Какое-то время я находилась между сном и реальностью. Вымыслом и правдой. В какой-то момент могу поклясться, что видела Джону, который сидел у моей кровати и говорил, что со мной все будет хорошо. Но потом я снова погрузилась в сон, а когда проснулась, оказалась одна. Это был всего лишь сон.

Я сжимаю в руке маленький белый камешек, тот самый, что лежал рядом с терракотовым горшком.

— Хорошо, — отвечаю я сдавленным голосом. — Продолжайте.

Доктор с загорелой кожей и черными волосами делает паузу, глядя на меня и оценивая мою реакцию.

— Вы через многое прошли, юная леди. Когда тебя привезли, стало ясно, что ты получила серьезную травму, которая вызвала значительный отек мозга после сильного падения, — объясняет он, наблюдая за моими мимическими движениями в поисках любых признаков стресса. — Нам пришлось провести затылочную трепанацию черепа. Эта операция предполагает временное удаление части черепа, чтобы мозг мог набухнуть, не вызывая дальнейших повреждений. Как только отек спал, часть черепа была заменена.

Что?

Мои глаза расширяются, и я не могу дышать.

При мысли о том, что мне удалили часть черепа и ковырялись в мозгу, к горлу подкатывает тошнота. Стараюсь сохранять бесстрастное выражение лица, но нижняя губа дрожит, и я сжимаю камень в ладони.

Доктор Гарсия ободряюще улыбается, наклоняется и кладет руку мне на плечо.

— Твой череп полностью восстановлен, и ты хорошо перенесла операцию. Также мы сделали несколько компьютерных томографий, чтобы следить за состоянием мозга. Что касается других травм, — продолжает он, — то у тебя перелом таза и вывих бедра. А также сломаны пару ребер. Очень повезло, что они не проткнули легкое. — Доктор делает глубокий вдох, его карие глаза теплеют, изучая мое лицо. — Изначально кома была вызвана отеком мозга. Затем твое тело взяло верх, удерживая тебя в естественной коме все оставшееся время, что позволило ему исцелиться. Хорошая новость заключается в том, что остальные травмы хорошо восстанавливаются. Еще через несколько недель мы переведем тебя в реабилитационный центр.

Я судорожно вдыхаю.

— Я не… не парализована? — выдыхаю я. Судя по тому, как под одеялом шевелятся пальцы ног, ясно, что это не так, но эта мысль все равно наводит на меня панику и ужас.

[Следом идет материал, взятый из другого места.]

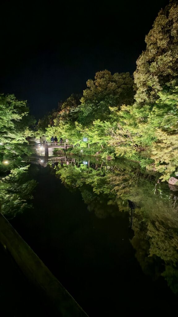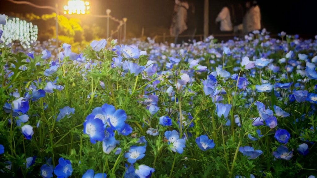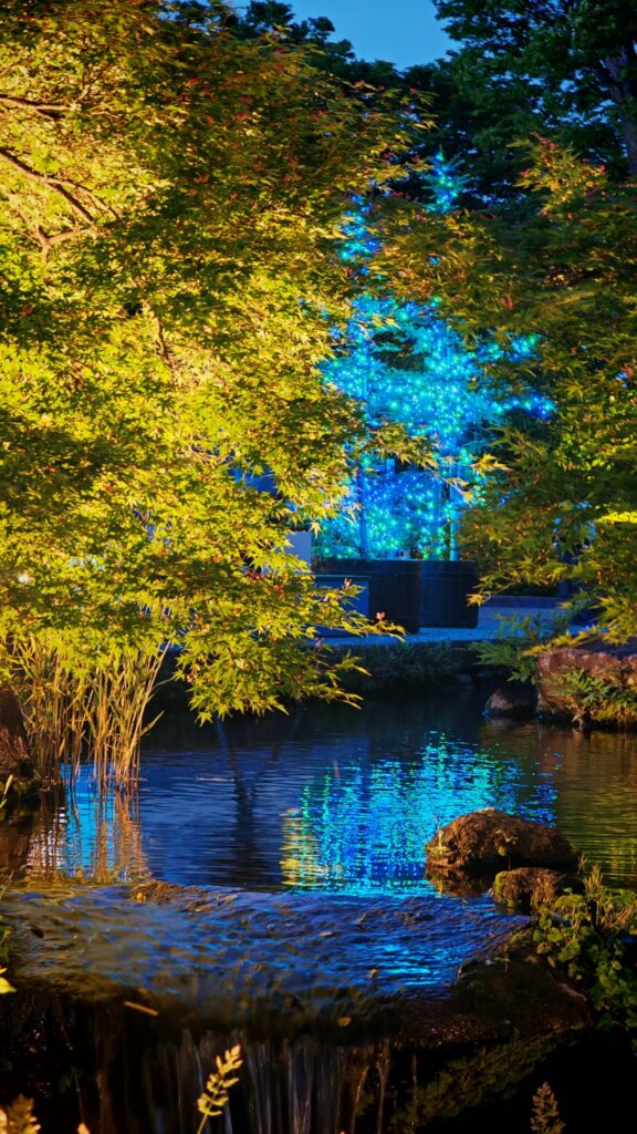 有點可惜的是,來到晚上我們才發現燈光表演場地的另一邊原來是個特大主題花圃,展出大量的藍蝴蝶/粉蝶花。我們在黃昏時段沒進來,完全錯過了這亮點。而鏡池的楓樹和小橋倒影,算是一個小補償吧。

— Нет, вовсе нет, — говорит он. — Твой позвоночник на удивление не пострадал, если не считать шишек и синяков, которые уже зажили. Можешь поблагодарить ветки деревьев и заросли за то, что они смягчили падение.

Он делает паузу и смотрит на меня.

— Что касается прогноза, то каждая черепно-мозговая травма уникальна. Хотя мы надеемся на твой нынешний прогресс, впереди могут быть трудности. Тебе потребуется физиотерапия для тазобедренного сустава и таза, а также, возможно, реабилитация и речевая терапия. Что касается когнитивных или эмоциональных изменений, то они могут быть самыми разными. Проблемы с памятью, перепады настроения и проблемы с концентрацией внимания не редкость при такой травме. Как ты себя сейчас чувствуешь?

Физически я чувствую себя так, словно получила сковородой по затылку и жую ватные шарики. А эмоционально…

— Растеряна, — бормочу я. — Напугана. Устала.

— Это совершенно нормально, — говорит он. — Ты через многое прошла. Я хотел бы задать несколько вопросов, чтобы понять твое когнитивное состояние. Ты не против?

Тревога закрадывается в мою душу, но я сглатываю и медленно киваю.

— Можешь назвать свое полное имя?

— Элла Роуз Санбери.

— А имя твоей матери?

— Кэндис. Кэндис Санбери.

— Хорошо. Какое последнее событие ты помнишь?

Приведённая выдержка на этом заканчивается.